Когда он понял, а понял он уже в самом начале собеседования с Джонасом Уэбстером, что главврач с самого начала знал о его еврейском происхождении (такие тайны Берринджеровский институт не хранил), надежда, подогретая желанием получить место, вспыхнула с новой силой. И все увиденное и услышанное вокруг это желание укрепляло. Раскинувшиеся за окном холмистые виды сельской Пенсильвании, сплошное зеленое поле в цветах начала мая, наделяли таким покоем, какого Карр никогда прежде и представить себе не мог. Больница выглядела архитектурным шедевром, довольно смелым по замыслу, который не оставлял сомнений в своей современности, и в то же время органично вписывался в ландшафт сельской природы, как и старинные каменные дома и постройки близлежащих ферм.
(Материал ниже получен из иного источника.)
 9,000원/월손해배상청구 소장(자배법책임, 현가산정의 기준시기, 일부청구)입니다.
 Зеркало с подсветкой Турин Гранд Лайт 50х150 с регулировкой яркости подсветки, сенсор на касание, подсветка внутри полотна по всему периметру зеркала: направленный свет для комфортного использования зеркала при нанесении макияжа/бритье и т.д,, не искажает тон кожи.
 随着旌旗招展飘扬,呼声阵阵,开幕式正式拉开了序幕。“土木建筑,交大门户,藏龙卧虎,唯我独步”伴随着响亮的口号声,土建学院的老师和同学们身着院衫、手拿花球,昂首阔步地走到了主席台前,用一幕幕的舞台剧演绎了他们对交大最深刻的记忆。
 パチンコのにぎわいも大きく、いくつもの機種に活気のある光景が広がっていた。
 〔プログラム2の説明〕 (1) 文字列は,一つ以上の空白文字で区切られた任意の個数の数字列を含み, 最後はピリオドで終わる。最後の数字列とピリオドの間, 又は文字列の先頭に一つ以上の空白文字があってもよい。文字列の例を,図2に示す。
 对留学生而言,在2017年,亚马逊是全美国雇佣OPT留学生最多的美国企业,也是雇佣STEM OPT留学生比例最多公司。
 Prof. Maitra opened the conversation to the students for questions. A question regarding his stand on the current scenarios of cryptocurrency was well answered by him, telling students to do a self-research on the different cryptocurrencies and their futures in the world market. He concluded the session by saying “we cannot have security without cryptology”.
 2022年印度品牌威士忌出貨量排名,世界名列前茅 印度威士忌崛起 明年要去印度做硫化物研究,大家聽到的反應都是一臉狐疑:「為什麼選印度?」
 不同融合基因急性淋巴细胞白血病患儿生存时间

Внутри больницы тоже было чему порадоваться. Лаборатория, хотя и небольшая, была прекрасно оснащена, а примыкавший к ней рентгеновский кабинет выглядел так, будто сошел прямо с цветных страниц каталога «Дженерал электрик».
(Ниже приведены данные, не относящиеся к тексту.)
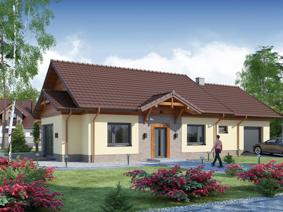 Wraz z żoną zdecydowaliśmy się na realizację projektu domu Petroniusz WRW1203, który odpowiadał nam właściwie pod każdym względem. Od początku bowiem interesował nas budynek o prostej konstrukcji oraz nie za dużym metrażu. Takie rozwiązania znacząco wpływają na ekonomiczność budowy i po wycenie firmy deweloperskiej okazało się, że inwestycja faktycznie nie pochłonie wielu środków finansowych. Istotny wpływ na nasz wybór miał również garaż w bryle oraz układ pomieszczeń. Przewidziane w projekcie wnętrze wydało nam się funkcjonalne i w całości spełniało nasze oczekiwania.Jestem zadowolony z przebiegu całej inwestycji. Projekt Petroniusz WRW1203, został bardzo dobrze opracowany, a wprowadzenie w nim kilku modyfikacji wynikało jedynie z naszych indywidualnych preferencji. Fachowcy świetnie poradzili sobie na każdym etapie i wszystko odbyło się po naszej myśli. Niekiedy niekorzystne warunki pogodowe wymogły na nas wstrzymanie prac na niektórych etapach, jednak mimo to budowę udało nam się zakończyć w krótkim czasie. Postawienie oraz całościowe wykończenie nowego domu zajęło nam ok. 2 lat.Zgodnie z zaleceniami architekta ściany wymurowaliśmy z bloczków z betonu komórkowego Solbet. Postanowiliśmy jednak zmienić metodę wykonywania stropu. W oryginalnych założeniach jest ona dosyć kosztowna i w naszym przypadku zbędna, gdyż nie planujemy użytkowego zaadaptowania poddasza. Zdecydowaliśmy się więc na zastosowanie gotowej konstrukcji więźby ze stropem na drewnianych wiązarach. Dach pokryliśmy antracytową dachówką firmy Röben. Przy użyciu powyższych materiałów koszty inwestycji na etapie stanu surowego zamkniętego bez instalacji były niższe niż oszacowane w kosztorysie.Rozmieszczenie wnętrza zaproponowane w projekcie domu Petroniusz WRW1203 od początku nam się podobało. Uznaliśmy jednak, że lokalizacja kotłowni nie jest w tym przypadku do końca trafiona, tym bardziej iż za garażem przewidziano pomieszczenie gospodarcze, które naszym zdaniem o wiele lepiej nadaje się do tego celu. System grzewczy zainstalowaliśmy więc w pomieszczeniu z bezpośrednim wyjściem na zewnątrz, zaś pierwotną powierzchnię kotłowni przeznaczyliśmy na zrobienie praktycznej garderoby. Oprócz tego postanowiliśmy zmniejszyć o kilka centymetrów wymiary okien.Jesteśmy zadowoleni z wyboru projektu domu parterowego z garażem Petroniusz WRW1203. Zaplanowany w nim rozkład został funkcjonalnie przemyślany i tym samym jest w pełni komfortowy. Na chwilę obecną nie dostrzegam w nowym domu nic co chciałbym zmienić - wszystko podobało mi się w momencie podjęcia decyzji o jego zakupie i w dalszym ciągu jest on dla nas w całości satysfakcjonujący. Pozdrawiam.

Тогда, в первое свое посещение, он не обратил внимания на то, что в лаборатории работает всего одна глуповатая молодая сотрудница, которой нельзя было доверить ничего, кроме самых обыкновенных анализов, да и те она научилась делать, механически вызубрив все процедуры. Рентгеновский кабинет же являлся, по сути, личным владением доктора Маллаби, о чьей квалификации как рентгенолога свидетельствовал один-единственный факт: его шурин оказался лицом весьма влиятельным при получении государственных грантов, шедших на финансирование строительства больницы. И все же, даже если бы Аарон Карр уже тогда обо всем этом знал, он не отступился бы. Его знаний и опыта с лихвой хватало и на то, чтобы в случае необходимости разобраться в предписанных им рентгеновских снимках, и на то, чтобы в лаборатории всю работу проделывать самому, чему он всегда отдавал предпочтение.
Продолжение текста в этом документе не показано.